Dove fare investimenti sicuri e redditizi nel 2018

Dove fare investimenti sicuri oggi, è una domanda che quasi tutti i risparmiatori si pongono, perchè in un periodo di forte crisi come quello attuale nessun investimento sembra essere più veramente sicuro ed in parte questa è anche la verità, perchè è diventata quasi una responsabilità per lo stesso risparmiatore trovare un investimento sicuro.

Investimenti sicuri ma non troppo in banca

Anni addietro depositare i propri risparmi in banca era sinonimo di assoluta affidabilità; i soldi erano al sicuro ed in più ci si guadagnava discretamente con gli interessi, ma adesso i tempi sono cambiati e la banca è diventato un posto sicuro dove investire, ma non possiamo certo dire che la banca è il miglior posto dove fare degli investimenti sicuri e spieghiamo il perchè.

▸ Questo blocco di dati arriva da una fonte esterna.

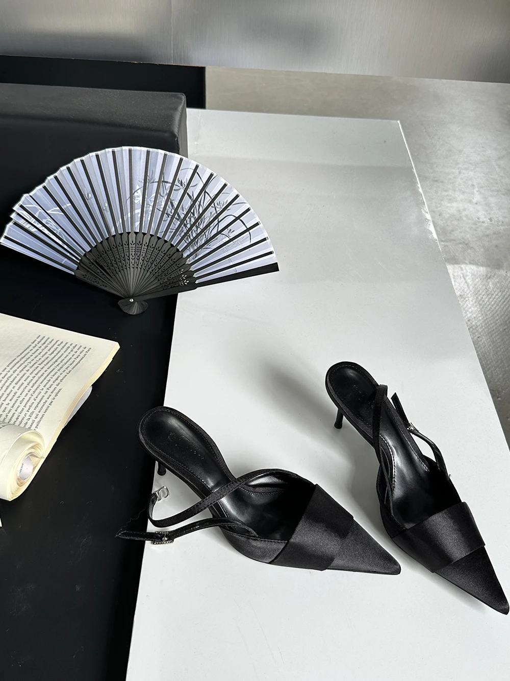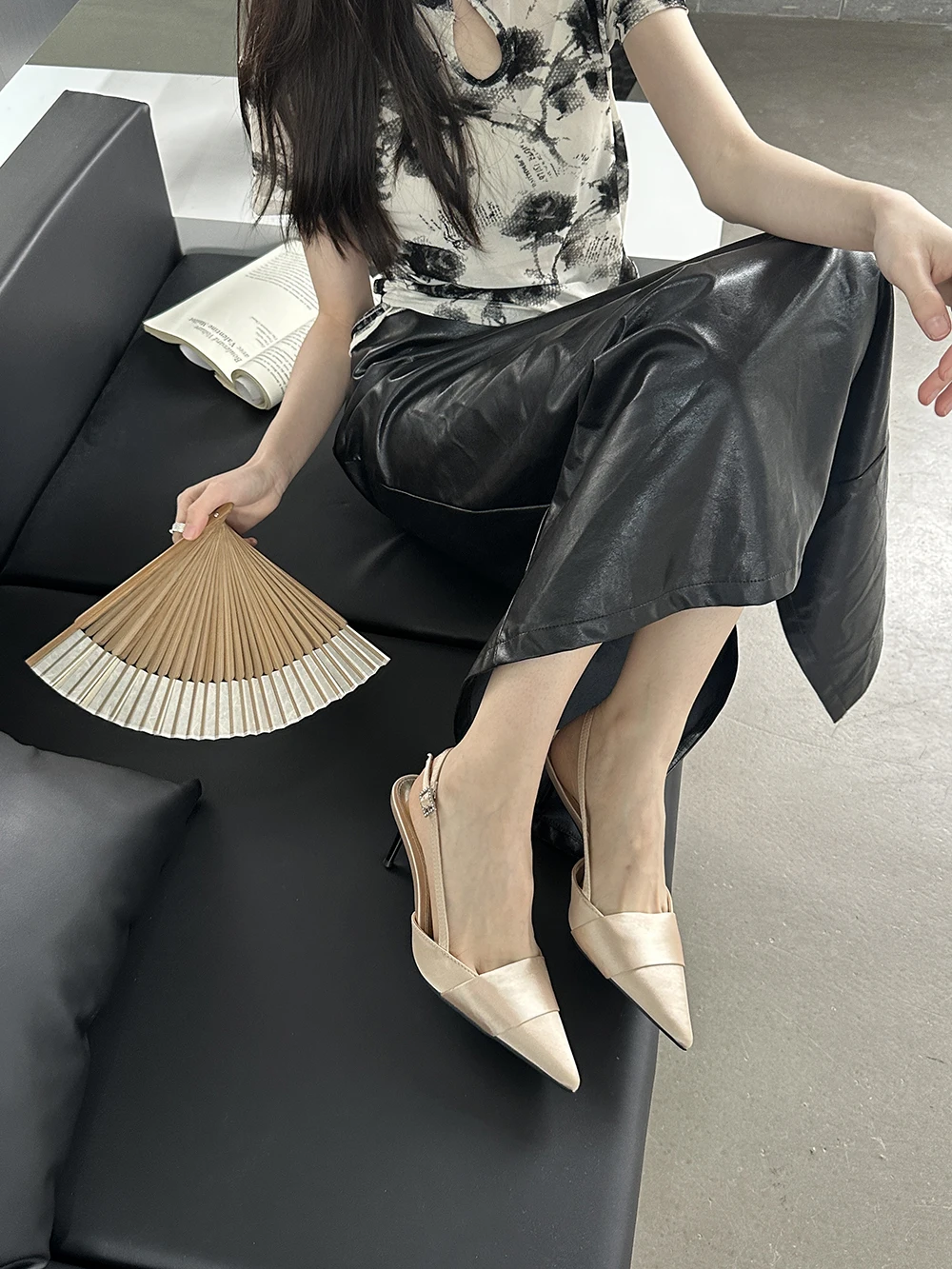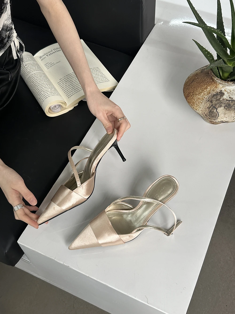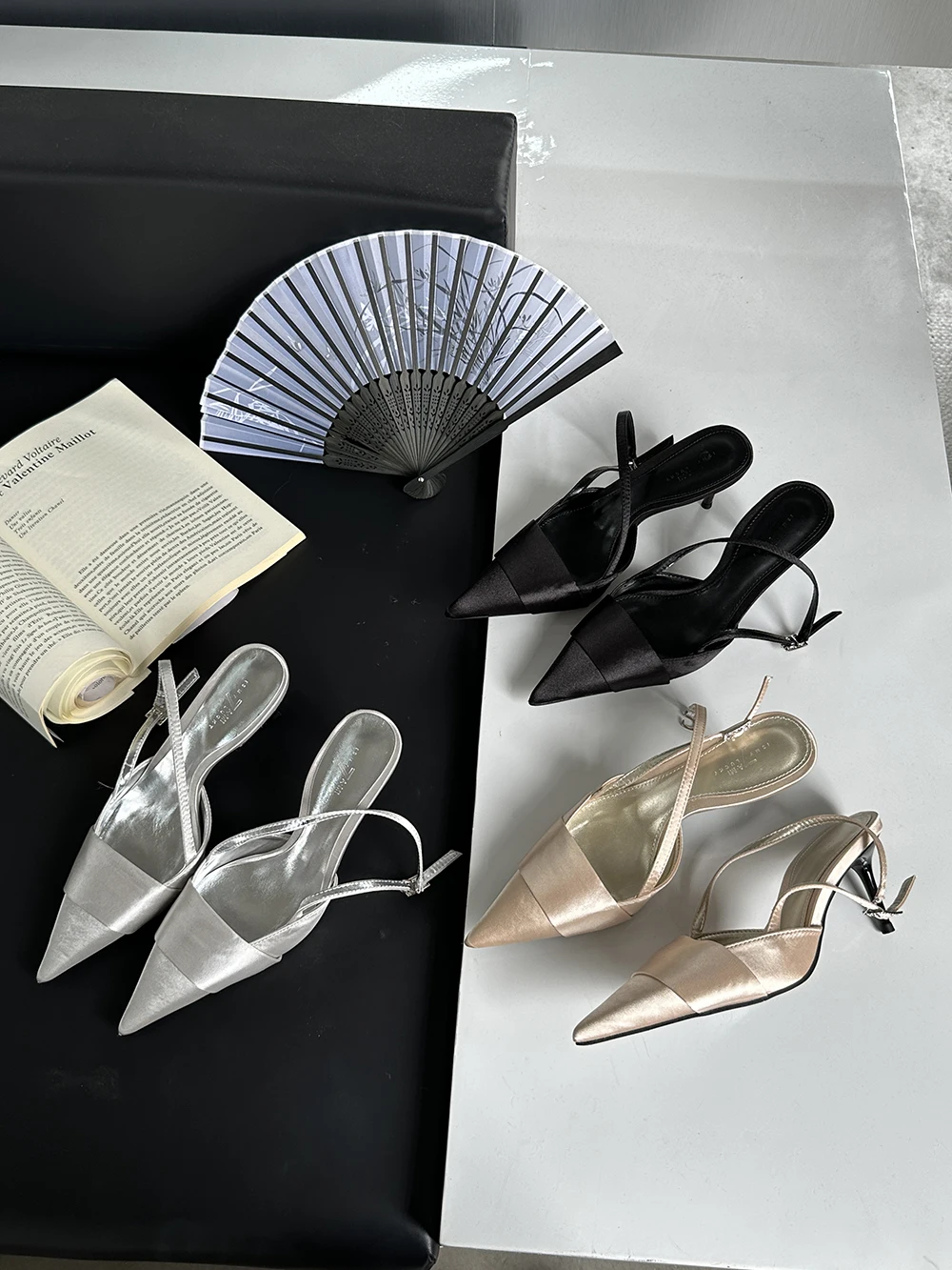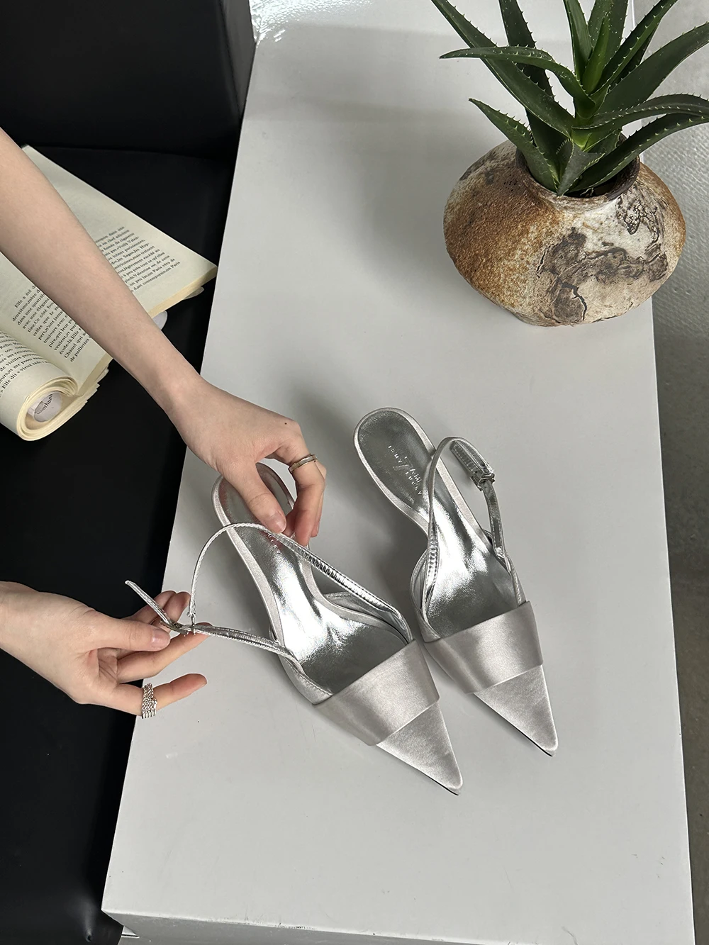 LBSFY - Pointed Toe Women Sandals Silk Summer Dress Shoes Gladiator Party Pumps Thin High Heels Silver Black Pink Sexy Mules Back Strap
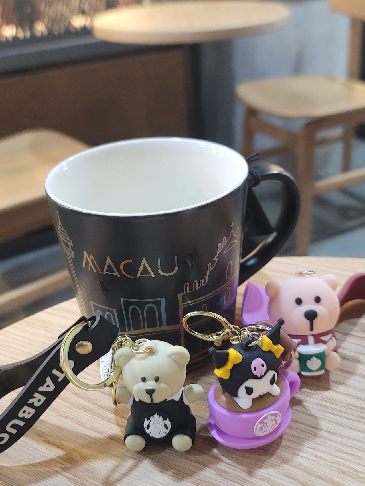 언니가 산 머그컵과 내가 구매한 귀여운 키링 세 개 ㅎㅎ
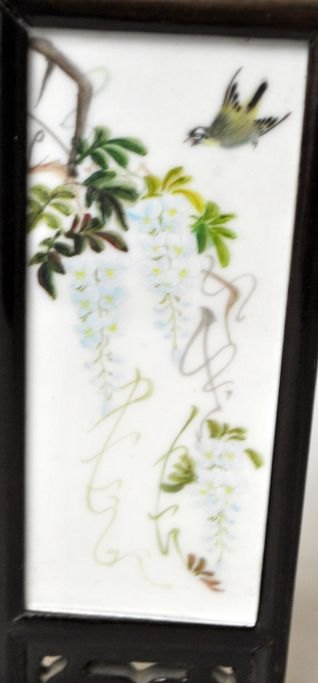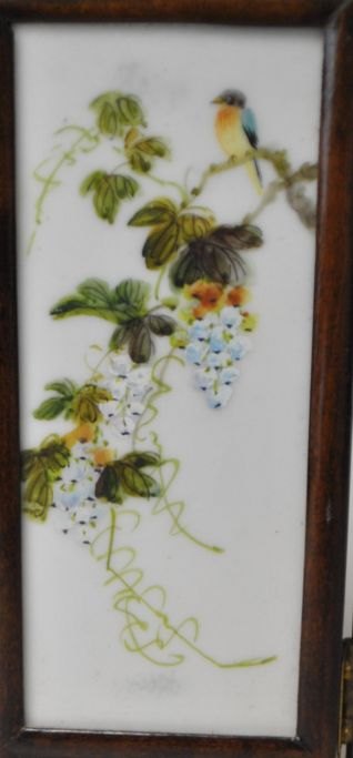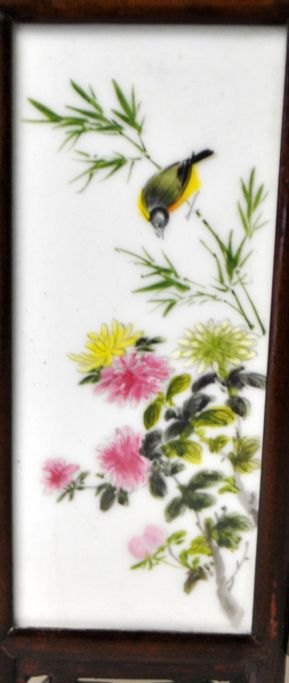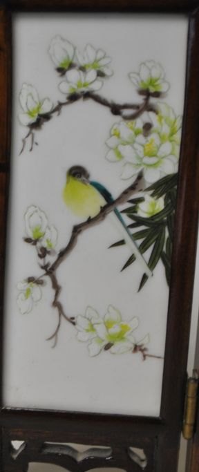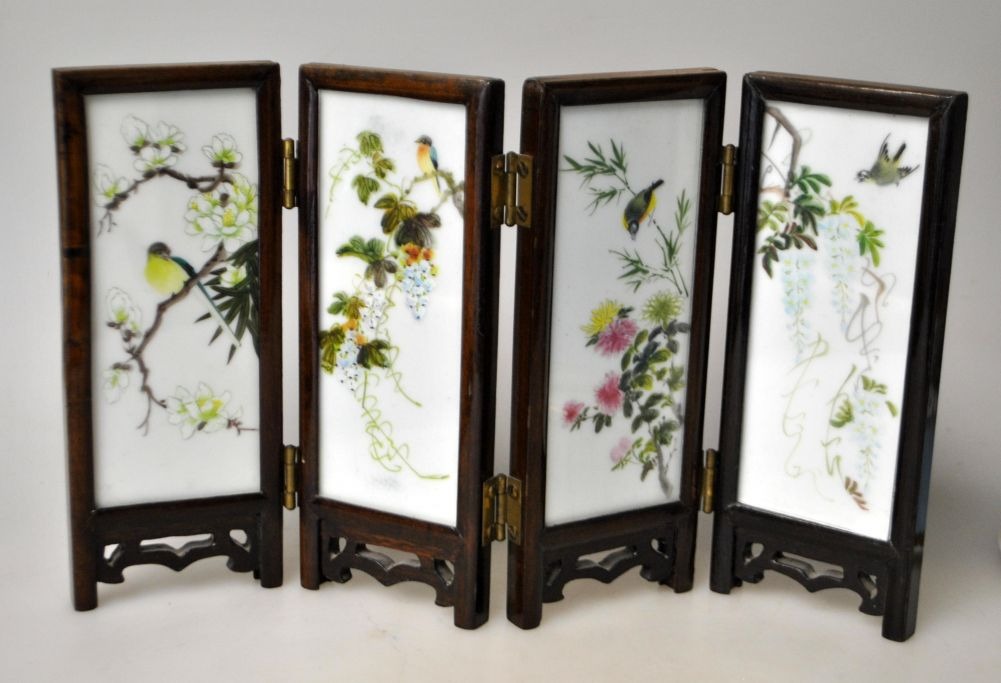 Miniature skærm med håndmalede porcelænsplaquetter, 20. årh. Kina. Skærm af træ. Plaquetter bemalede med forskellige fugle på blomstrende grene. L.: 26 cm. H: 15,5 cm.
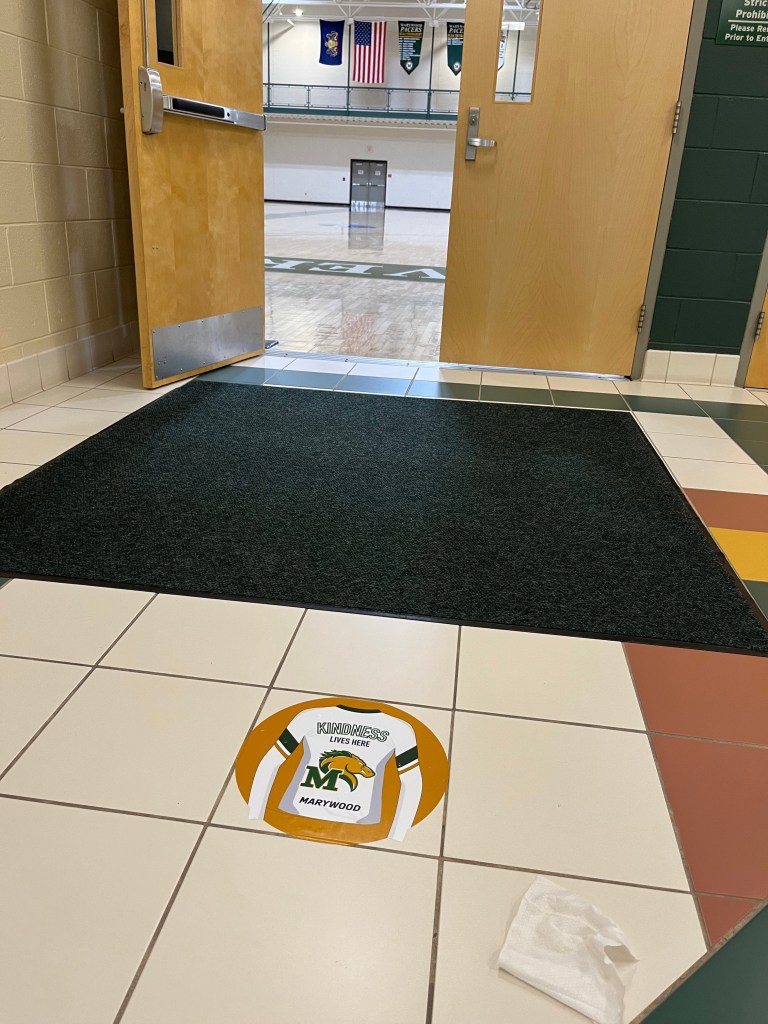 Outside of the design program at Marywood, I can say that the athletics department here has been awesome to work with. Being an athlete, I was able to make graphics for the program and my teammates, making senior posters and social media designs. I was able to tailor some projects for our social impact class to work with athletics and put floor decals in the gym stating, “Kindness Lives Here.”
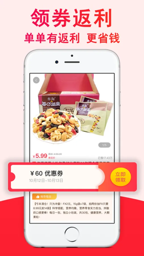 “买东西可以领优惠券,还可以返利,后悔之前没用这个,能省好多钱”

Fino a qualche decennio fa tutti i soldi che un investitore dava in carico alla banca erano assicurati al 100% dallo Stato, mentre oggi in caso di difficoltà della banca, cosa che capita sempre più spesso, all'investitore sarà riconosciuta solo la somma di 100.000 euro, mentre tutte quelle superiori a questa cifra può essere a forte rischio prelievo forzoso e quindi si possono vedere svanire i sacrifici di una vita in pochissimo tempo. Questa è una legge entrata in vigore il 1° gennaio del 2016 e mette a repentaglio la sicurezza degli investimenti verso le banche, anche se si sta cercando di mettere rimedio con il Decreto Salva Banche che però ancora non ha dato certezze ai tanti risparmiatori. Quindi investimenti sicuri in banca oggi non sono in realtà tali.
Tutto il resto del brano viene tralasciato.